# [RECORDS TO USE]
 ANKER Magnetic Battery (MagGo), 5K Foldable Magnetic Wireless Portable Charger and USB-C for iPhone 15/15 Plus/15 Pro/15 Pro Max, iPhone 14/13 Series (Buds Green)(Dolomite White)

==

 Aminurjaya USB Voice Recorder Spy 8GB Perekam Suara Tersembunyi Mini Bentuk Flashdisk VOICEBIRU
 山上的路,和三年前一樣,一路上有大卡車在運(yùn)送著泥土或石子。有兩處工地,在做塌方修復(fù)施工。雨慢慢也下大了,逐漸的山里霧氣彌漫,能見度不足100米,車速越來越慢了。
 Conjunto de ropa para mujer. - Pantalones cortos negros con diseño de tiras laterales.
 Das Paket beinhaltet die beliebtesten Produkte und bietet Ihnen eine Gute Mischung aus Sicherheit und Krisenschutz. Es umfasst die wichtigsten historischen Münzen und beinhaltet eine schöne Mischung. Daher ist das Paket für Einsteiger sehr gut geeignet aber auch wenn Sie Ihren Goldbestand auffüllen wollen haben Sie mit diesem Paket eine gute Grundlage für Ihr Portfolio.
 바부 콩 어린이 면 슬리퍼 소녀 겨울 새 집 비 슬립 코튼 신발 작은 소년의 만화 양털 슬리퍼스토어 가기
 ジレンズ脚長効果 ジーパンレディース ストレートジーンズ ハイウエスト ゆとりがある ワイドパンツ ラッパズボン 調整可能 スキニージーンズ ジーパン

# [WHAT THE TASK REQUIRES]
Above are some records; copy exactly the lines from the one with "바부 콩 어린이 면 슬리퍼" through the one with "ジレンズ脚長効果 ジーパンレディース ストレートジーンズ", both included, and no others.

# [RESPONSE TO THIS EXERCISE]
 바부 콩 어린이 면 슬리퍼 소녀 겨울 새 집 비 슬립 코튼 신발 작은 소년의 만화 양털 슬리퍼스토어 가기
 ジレンズ脚長効果 ジーパンレディース ストレートジーンズ ハイウエスト ゆとりがある ワイドパンツ ラッパズボン 調整可能 スキニージーンズ ジーパン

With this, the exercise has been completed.